Liebe auf den ersten Blick: Das Watzmann-Gemälde von Peter C. Schreiber, das in einem Bayreuther Trödelladen verstaubte,
Liebe auf den ersten Blick: Das Watzmann-Gemälde von Peter C. Schreiber, das in einem Bayreuther Trödelladen verstaubte,
 

Zofia Drahn verguckte sich in das Bild eines unbekannten Malers. Als sie etwas über den Künstler erfahren wollte, begann eine fränkische Liebesgeschichte.

Es gibt sie, diese ganz besonderen Augenblicke im Leben. Zofia Drahn hat einen solchen erlebt. Genau vor 15 Jahren, am 9. April 2001, besuchte die Kulmbacherin einen kleinen Trödelladen an der Ecke der Bahnhofstraße in Bayreuth. Zwischen alten Stühlen und Tischbeinen entdeckte sie es plötzlich. Es stand auf dem Boden. Der Rahmen war ziemlich ramponiert und verstaubt. Aber Zofia Drahn konnte den Blick nicht von diesem Bild abwenden.

In dem Laden herrschte ziemliches Chaos. Der Straßenlärm drängte herein. Zofia Drahn erinnert sich detailliert daran. "Das ganze Durcheinander verstärkte noch die Ruhe, die das kleine Bild ausstrahlte. Ich war fasziniert und fühlte mich in seine Landschaft hineingezogen." Als Zofia Drahn wieder zuhause war, ging ihr das Werk nicht aus dem Kopf. "Am nächsten Tag bin ich früh nach Bayreuth gefahren, um als Erste da zu sein, schon bevor der Laden aufmachte. Ich wollte vermeiden, dass jemand mir das Bild vor der Nase wegschnappt." Es klappte.


Wer ist C. Schreiber?

Voller Freude trug die damals 43-Jährige das mystisch wirkende Landschaftsbild mit seinem beeindruckenden Bergmassiv im Hintergrund zur Kasse. Erst dort entdeckte sie die Signatur "C. Schreiber". Weder sie selbst noch die Verkäuferin konnten damit etwas anfangen. Letztere wusste nur, dass das Bild aus dem Nachlass eines wohlhabenden Bayreuther Zahnarztes stammte.

Zofia Drahn und ihr Mann Robert hängten das Gemälde mit dem Berg, der sich später als das Zentralmassiv der Berchtesgadener Alpen, der Watzmann, herausstellte, in ihrem Wohnzimmer auf. Über den Maler wussten sie vier Jahre lang nichts. Doch dann, Ende 2005, entdeckte Zofia Drahn in einem Auktionshaus zufällig ein weiteres Bild mit derselben Signatur, "diesmal mit einer Beschreibung". So erfuhr die Kunstfreundin, dass Peter Conrad Schreiber am 11. August 1816 als Sohn eines wohlhabenden Gürtlermeisters und Knopffabrikanten aus Fürth geboren worden war. "Ich freute mich, denn ab dem Zeitpunkt war klar, dass es sich um einen fränkischen Maler handelte. Ich wollte wissen, ob er noch mehr Kunstwerke geschaffen hatte." So begann Zofia Drahns Suche nach "PCS".

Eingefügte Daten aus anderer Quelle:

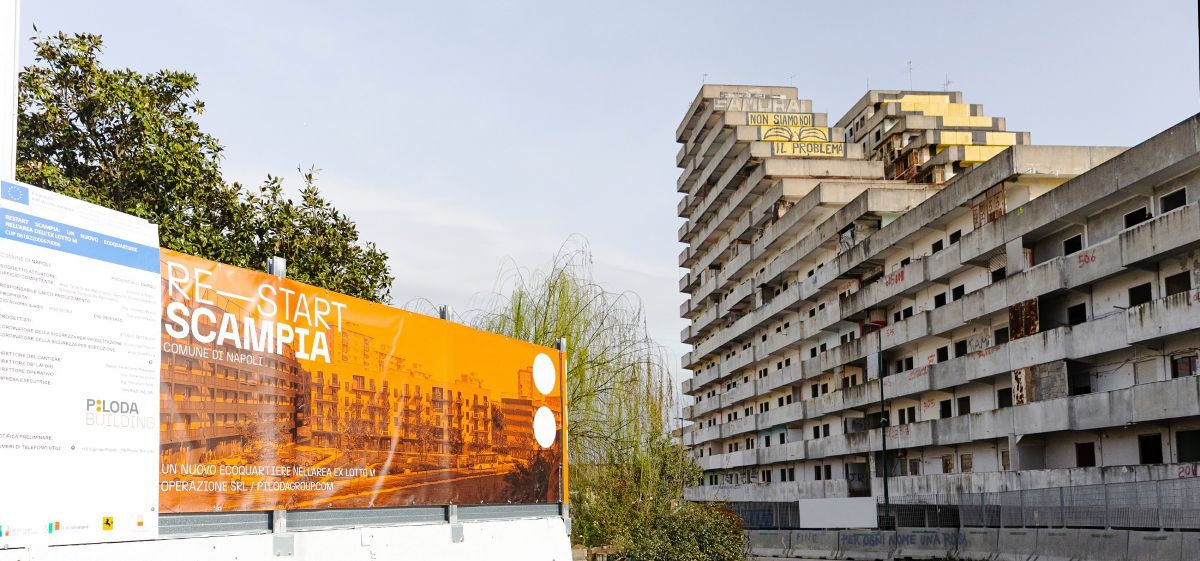 Indice degli argomenti Toggle Nuovo ecosistema urbanoEdifici a basso impattoSostenibilità al centro del rilancio di ScampiaDialogo con istituzioni e residentiIl quartiere come spazio umano Non un restyling architettonico del complesso residenziale delle Vele, costruito fra il 1962 e il 1975, emblema di una stagione controversa dell’edilizia residenziale pubblica in Italia; ma un’opportunità vera e propria di ricostituzione del tessuto sociale per restituire la dignità e qualità del luogo. L’intervento di rigenerazione urbana del quartiere Scampia a Napoli, la cui cantierizzazione è iniziata a fine 2024, fa parte del progetto “ReStart Scampia” finanziato con 159 milioni di euro da fondi PNRR, PON Metro e Periferie, che comprende la demolizione delle Vele Gialla e Rossa, insieme con la riqualificazione della Vela Celeste e la costruzione di 433 nuovi alloggi energeticamente autosufficienti. A completare l’insediamento saranno spazi dedicati all’agricoltura urbana, un parco pubblico, una fattoria didattica, un mercato di prossimità, una scuola per l’infanzia e un centro civico per attività sociali e culturali. Senza dimenticare il passato, con la conservazione dei graffiti che adornano la Vela Celeste e che continueranno a raccontare il disagio di chi vi ha vissuto. Nuovo ecosistema urbano Da quartiere critico a nuovo insediamento accogliente e vivibile, il passaggio (non) è breve. Soprattutto se parliamo di edilizia residenziale pubblica. L’intervento progettuale, condotto da Settanta7 in collaborazione con Studio Perillo e Studio Valle Progettazioni, ha utilizzato soluzioni impiantistiche di facile gestione e manutenzione e materiali durevoli nel tempo. Dal punto di vista architettonico, i nuovi edifici sono caratterizzati dallo studio dei prospetti e dei materiali di facciata che conferiscono alle costruzioni ritmi e superfici diversificate, per evitare ripetitività e monotonia. Pur mantenendo la stessa soluzione tecnologica a livello strutturale, edile e impiantistico, la diversa cromia delle facciate e il differente sviluppo dei balconi rende ogni edificio un corpo con proprie caratteristiche architettoniche peculiari. Masterplan Restart Scampia – Image by Settanta7 In particolare, il progetto di riqualificazione del Lotto M si configura come un sistema complesso, costruito attorno all’idea di quartiere come ecosistema urbano, dove architettura, paesaggio e comunità si integrano per generare un ambiente più equo, sostenibile e abitabile. La realizzazione del progetto prevede l’impiego di 100 unità lavorative, 25 ditte specializzate e 50, tra architetti e progettisti del Piloda Building. “Il progetto del Lotto M è stato concepito non come un semplice intervento edilizio, ma come un atto di rigenerazione urbana e sociale – spiega Daniele Rangone, co-founder e Chief Visual Officer di Settanta7 -. “ReStart Scampia” si fonda su una logica integrata che ha guidato l’intero processo di rigenerazione, articolandosi in azioni coordinate su diversi livelli: edilizio, infrastrutturale, sociale e ambientale”. L’area del Lotto M prenderà vita entro due anni. Al posto dell’edificio sorgeranno 145 alloggi nuovi: 97, suddivisi nei tre edifici del Lotto A; 48 nel lotto L, con asili nido, Civic Center, spazi comunitari e un intero ecosistema urbano. Rendering Restart Scampia – Credit Settanta7 L’intervento è pensato per creare un ecoquartiere integrato, che risponde ai bisogni abitativi, sociali, educativi e ambientali. L’intera area sarà immersa nel verde e dotata di spazi per l’agricoltura urbana, un parco pubblico e una fattoria didattica. “La valorizzazione del paesaggio urbano come infrastruttura viva ha rappresentato un ulteriore elemento di innovazione. Gli spazi esterni non sono stati concepiti come semplice complemento dell’edilizia, ma come dispositivi attivi di socialità, ecologia e cura condivisa, capaci di incidere direttamente sulla qualità della vita e sull’identità del luogo”. Edifici a basso impatto Tutti i nuovi edifici previsti dal piano di rigenerazione sono progettati secondo i criteri NZEB (Nearly Zero Energy Building), ovvero strutture a consumo energetico quasi zero, in grado di ridurre in maniera significativa sia i costi per le famiglie sia l’impatto ambientale. Per raggiungere questi obiettivi ambiziosi è stato adottato un approccio integrato che combina materiali ad alte prestazioni con soluzioni tecnologiche all’avanguardia. Il cantiere del progetto Restart Scampia a marzo 2025 “Le strutture edilizie sono state realizzate con materiali isolanti di ultima generazione, capaci di garantire elevate prestazioni termiche e acustiche. Materiali isolanti, infissi a taglio termico e vetri basso emissivi permettono di contenere le dispersioni e mantenere stabile il microclima interno, riducendo al minimo la necessità di riscaldamento e raffrescamento”. A ciò si aggiungono impianti fotovoltaici e soluzioni per la produzione di energia da fonti rinnovabili, che rendono gli edifici in larga parte autosufficienti. “Anche la gestione delle risorse idriche è stata ottimizzata: i nuovi insediamenti prevederanno sistemi di raccolta e riutilizzo delle acque piovane, irrigazione intelligente per gli spazi verdi e dispositivi a basso consumo per l’uso domestico”. L’attenzione alla sostenibilità si estende inoltre alla scelta di materiali a basso impatto ambientale, in linea con i principi dell’economia circolare. Il risultato è “un quartiere che non solo risponde agli standard europei più avanzati in materia di energia e ambiente, ma che dimostra come l’edilizia pubblica possa essere terreno fertile per l’innovazione, la qualità e la responsabilità ecologica”. Sostenibilità al centro del rilancio di Scampia Sostenibilità e sfruttamento ottimale delle risorse energetiche sono il cuore del progetto architettonico e urbanistico per il rilancio di Scampia. La gestione ottimale dell’energ

Sie fragte beim Fürther Geschichtsverein nach, der einen zweiseitigen Bericht aus dem Heimatblatt von 1974 "ausgrub". Der verriet allerdings nicht allzu viel über den Menschen Schreiber. Eigene Recherchen der Drahns im Stadtarchiv brachten auch nur eine magere Ausbeute: ein paar Zeitungsausschnitte, kaum Biografisches. Doch Zofia und Robert Drahn gaben nicht auf. Inzwischen hatten sie im Internet und im Kunsthandel weitere Schreiber-Bilder entdeckt und in ihren Besitz gebracht. "Sie waren oft in erbärmlichem Zustand, schmutzig und sogar schimmelig. Aber ich konnte sehen, welche künstlerische Qualität und Ausstrahlung aus ihnen hervorgeht", sagt Zofia Drahn. "Und dass Schreiber zu Unrecht vergessen worden ist."


Werke im Ausland aufgespürt

Einen Teil der Bilder spürten die Drahns im Ausland auf: "Eines kommt aus San Diego in Kalifornien, ein anderes haben wir bei einem Auktionshaus in England ersteigert, ein weiteres in Wien. Wir ließen alle restaurieren. Jetzt hatten wir einige Bilder, aber noch immer kaum Informationen über den Maler." Die Drahns schrieben die Auktionshäuser an und baten um Kontakt zu den Verkäufern - immer in der Hoffnung, mehr über Schreiber zu erfahren. "Der Einzige, der meinen Brief beantwortete, war ein Herr Harald Braun aus Berlin - Schreibers Ur-Ur-Enkel", berichtet Zofia Drahn.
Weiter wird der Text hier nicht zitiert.